Task prompt
A verbatim transcript of the data below is required, images omitted.

The data
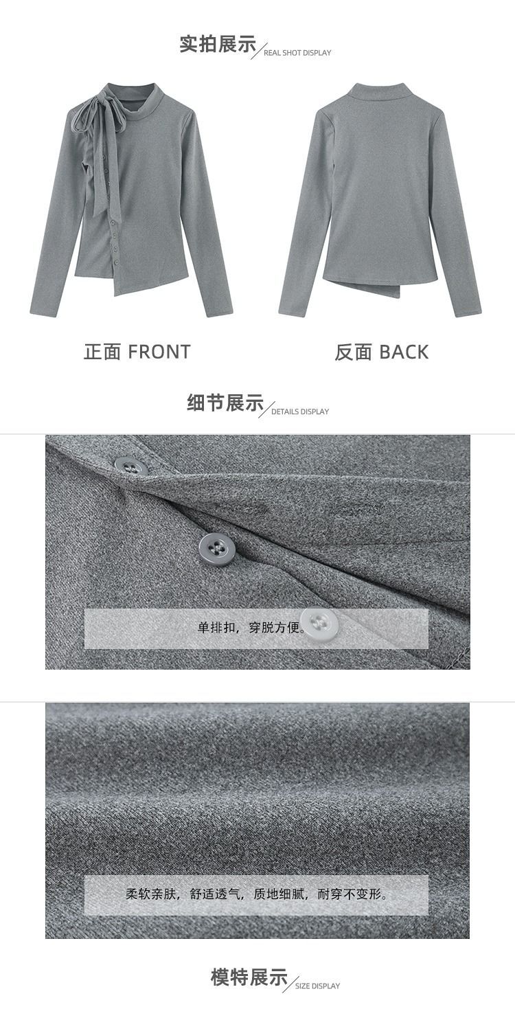 ![MR [Original German Velvet Ribbed Fabric] French Tie-Neck Base Layer Women's Autumn and Winter Thickened German Velvet Long](images/mrwg/mrwg782e_04.jpg)
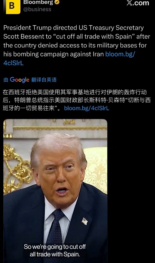 特朗普威胁切断与西班牙贸易:因西拒允美军使用基地打击伊朗,特朗普扬言断贸;西班牙称不会屈服,并将推动供应链多元化。
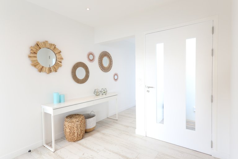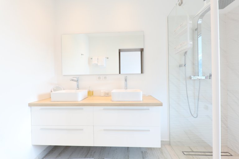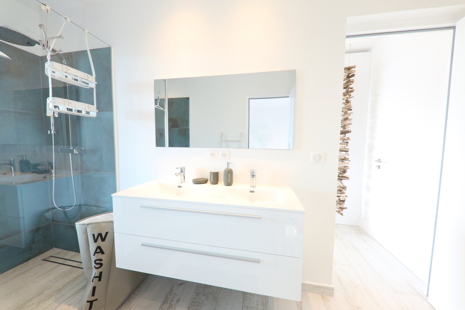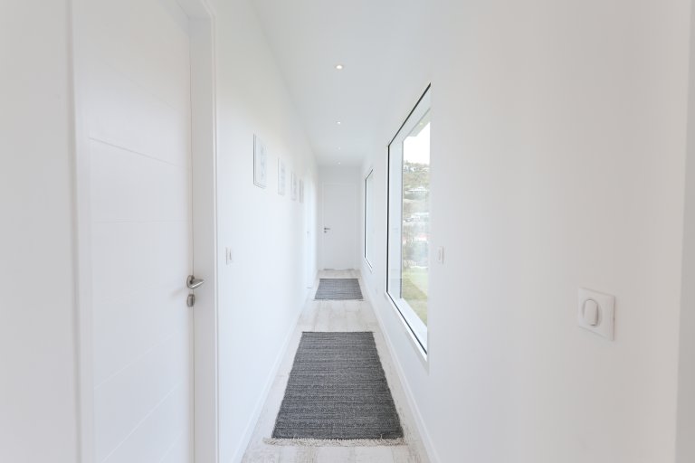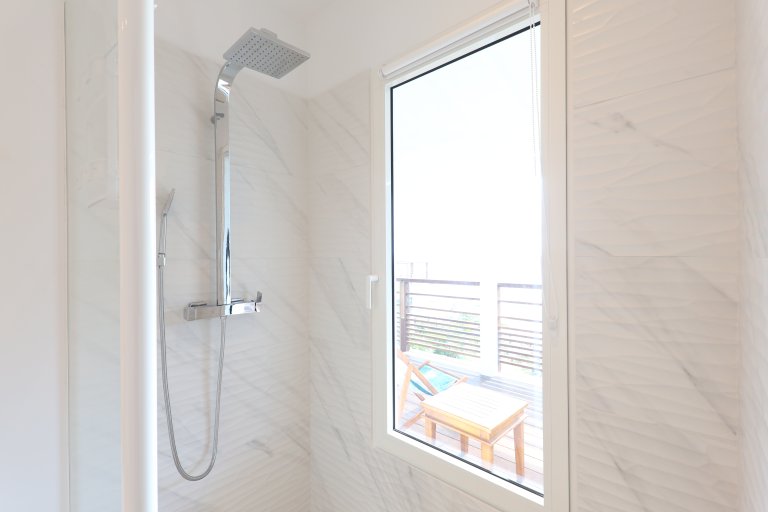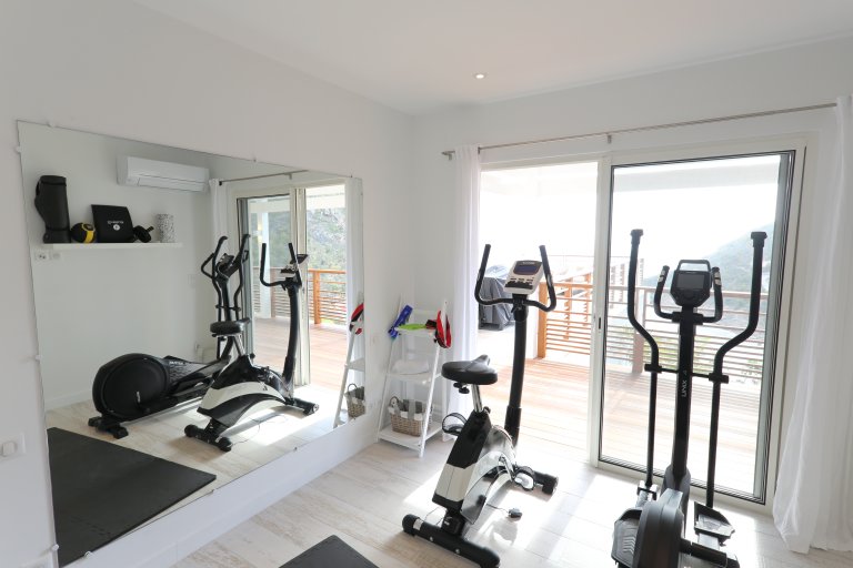 The two bedrooms are on the right side of the living room and have access to the terrace in front of them. Each one has an ensuite bathroom. The fitness room is also in this area of the house.

Reply
 ![MR [Original German Velvet Ribbed Fabric] French Tie-Neck Base Layer Women's Autumn and Winter Thickened German Velvet Long](images/mrwg/mrwg782e_04.jpg)
 特朗普威胁切断与西班牙贸易:因西拒允美军使用基地打击伊朗,特朗普扬言断贸;西班牙称不会屈服,并将推动供应链多元化。
 The two bedrooms are on the right side of the living room and have access to the terrace in front of them. Each one has an ensuite bathroom. The fitness room is also in this area of the house.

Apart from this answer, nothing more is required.